Nickelodeon won’t rent its cartoon and other characters for food ads unless products meet “'better for you’ criteria,” President Cyma Zarghami said Wednesday in a letter to House Telecommunications Subcommittee Chairman Edward Markey, D-Mass. The character licensing guidelines will be part of all deals Nickelodeon signs starting January 2009. The guidelines will exclude “a limited number of occasional treats designed for special occasion/celebration purposes” including birthday parties and holidays, Zarghami said. The healthy-ad pledge and exceptions resemble those Discovery announced Monday (CD Aug 14 p12). Markey said he hopes more companies make similar moves that “address childhood obesity issues.” Nickelodeon is not acting to because Markey is interested in the topic, a company spokesman said, adding that the company chose to highlight its plans in a letter sent to him and FCC officials and senators serving on a task force on youth obesity and advertising.
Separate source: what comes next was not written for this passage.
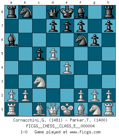 Last move : 1-0 2006 August 12 5:28:26 [Event "FICGS__CHESS__CLASS_E__000004"] [Site "FICGS"] [Date "2006.05.16"] [Round "1"] [White "Cornacchini,Gabriele"] [Black "Parker,Trent"] [Result "1-0"] [WhiteElo "1481"] [BlackElo "1400"] 1.d4 Nf6 2.c4 c5 3.d5 b5 4.cxb5 a6 5.bxa6 Bxa6 6.Nc3 g6 7.e4 1-0 This chess game has been lost on time (started : 2006.05.16 12:49:50) Benko gambit accepted Player White won this chess game. Follow this game move after move (download)Suddenly it was obvious to me in my analysis I had missed what Fischer had found with the greatest of ease at the board. (Mikhail Botvinnik) Die größte Kunst beim Schach besteht darin dem Gegner nicht zu zeigen was er tun kann. (Garry Kasparov) No nos podemos resistir a la fascinación de un sacrificio ya que la pasión por los sacrificios es parte de la naturaleza de un jugador de Ajedrez. (Rudolf Spielman) Tout change constamment, y compris dans le monde des Echecs. (Botvinnik) When you stop learning you start dying. (Scott Adams)
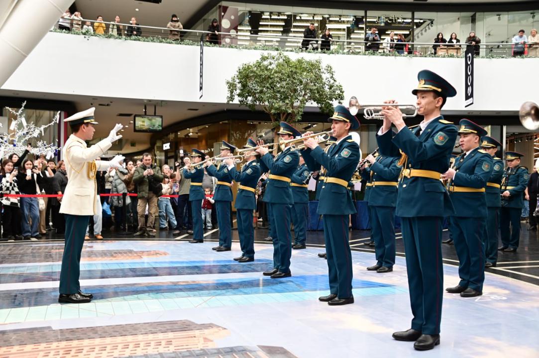 ҚР Қарулы Күштері Ұлттық әскери-патриоттық орталығы (ҰӘПО) Орталық әскери оркестрінің музыканттары қала тұрғындарына арнап классикалық және заманауи туындыларды орындады. Оркестрдің орындауындағы таныс әскери және патриоттық, марштық және джаз әуендері көрермендердің қошеметіне бөленді.

Broadcasters asked the FCC to clarify that sales of ads in bulk through third-party websites (CD July 9 p11) shouldn’t be reflected in the rates that radio and TV stations offer to federal candidates. NAB, 47 state broadcast associations, Gannett, Media General and other companies said three decades of FCC precedent mean that ads sold through nonbroadcast networks should not be subject to the lowest unit charges (LUC). At stake is whether broadcasters must directly offer politicians rates that could be even lower for airtime, because the Internet auction sites offer advertisers lower prices than they could get if they bought commercials from individual stations. Also at stake is the development of what many FCC filings referred to as “nascent” industry of Google’s dMarc Broadcasting, Bid4Spots, SoftWave Media Exchange and others that sell unwanted airtime.